Czech enthusiasts building replica of Viking vessel
A team of enthusiasts from Oslavany near Brno are building a replica of a Viking boat from the 12th century. The eight-metre boat is called Gislinge, after the Danish village where the original was discovered, and should be launched in the spring of next year.
The remains of the original Viking vessel were excavated by archaeologists in 1993 in Gislinge, a village located on the reclaimed Lammerfjord.
Analysis of the timber established that the boat was built around the year 1130 and it was most likely used for fishing and transporting both goods and people.
A team of enthusiasts from the town of Oslavany in Moravia are now completing an exact copy of the Viking vessel, using local ash and oak trees.
Daniel Juríček, one of the members of the team, says he decided to build the replica of a Viking boat after a trip to the Baltic Sea, where he got to sail on a Viking vessel known as the drakkar.
“I have been interested in boats since I was a child. But at the time there was no internet and I had no idea that there were people in northern Europe who were building replica of drakkars and were even sailing them out to sea.”
The original Viking vessel was nearly eight metres long and 1.5 metres wide and had a cargo capacity of around one tonne, the equivalent of four men and ten sheep. With a draft of only 25 centimetres, it was able to ply both the shallow waters of the fjord and the waterways leading into and out of it.

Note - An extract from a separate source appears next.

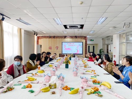 邢广陆代表学校向各位女教师表示节日的祝福。她说,一直以来,大家在各自岗位上积极拼搏、无私贡献,做了许多卓有成效的工作,先进典型不断涌现。她希望大家继续发挥自身优势,在发扬奉献精神的同时,注重身心健康,劳逸结合,弹奏好工作和家庭的幸福双重奏,快乐工作、健康生活。
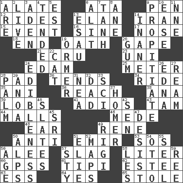 ACROSS 1. Having winglike extensions 6. _ moment's notice (2 wds.) 9. Animal enclosure 12. Amusement-park features 13. Enthusiasm 14. SW Asia republic 15. Happening 16. Trig term 17. Characteristic smell of wine 18. Conclusion 19. Pledge 20. Open wide 21. Shade of tan 23. University (slang) 24. Dutch treat 25. Distance measurement 28. Writing tablet 30. Looks after 34. Travel on an animal 35. Cuckoo 36. Arrive at 38. Santa ___, CA 39. Tennis shots 41. Goodbye (Sp.) 43. Scottish cap 44. Promenades 46. Ancient Persian 48. Ewer handle 49. French philosopher Descartes 50. Against 51. Independent ruler or chieftain 53. Distress signal 56. Toward shelter 57. Volcanic refuse 58. 61 cubic inches 60. Global Positioning Systems (abbr.) 61. Native american tent (variation) 62. First name in cosmetics 63. Curvy letter 64. Affirmative reply 65. Fur scarf DOWN 1. "We ___ not amused" (Victoria) 2. Moving, as bait 3. An important port of Yemen 4. Looked after 5. Eastern Standard Time (abbr.) 6. Came down and settled, as after flight 7. Hyperbolic tangent 8. One (Scot) 9. Appease 10. Comfort 11. Compass dir. 13. He sold his birthright 14. More lacking in sense or substance 19. Abalone 20. Chewing product 22. Feline 24. The property of being fit to eat 26. Pulitzer Prize-winning author Ferber 27. 480, 500 or 516 sheets of paper 28. Inside of hand 29. Small Philippine buffalo 31. Teachers' org. 32. Male parent 33. _-fi 37. Home run 40. Chalkboards 42. Elected rep. 45. Indian title of respect (Mr.) 47. Stop 49. Swiss mountan, "Queen of the Mountains" 50. High mountains 51. Writer Wiesel 52. Atlas contents 54. Von Bismarck 55. Stitch closed the eyes of (a falcon) 56. Ripen 57. Filthy place 58. French article 59. To sift

Mr. Juríček and his two friends have been working on its exact replica for the past three years, and are now nearing its completion:
“When we started, we thought the ship would be finished in a year. But we can only work on it one day a week after work. So it has taken longer than we thought. But now there are really just a few things missing.”
To build the replica of the Viking vessel, the men are using a plan provided for free by the Roskilde Museum near Copenhagen, which focuses on preserving and promoting old crafts.
They are learning the art of shipbuilding as they go, combining old and more modern working methods and tools, explain Roman Vrána and Daniel Juríček:
“Our boat is a mix of different woods. We used a two-hundred-year-old ash tree which was felled here in Oslavany to build the stern and the tip.”
“That’s right. We were given the trunk as a gift back in 2019. A year later we found a tree for the keel; it’s an oak that we transported here from Velké Pavlovice.”
The replica of the Viking boat should be completed by the end of this year and, if everything goes according to plan, it should be launched on the Oslava River in Oslavany in the spring of next year.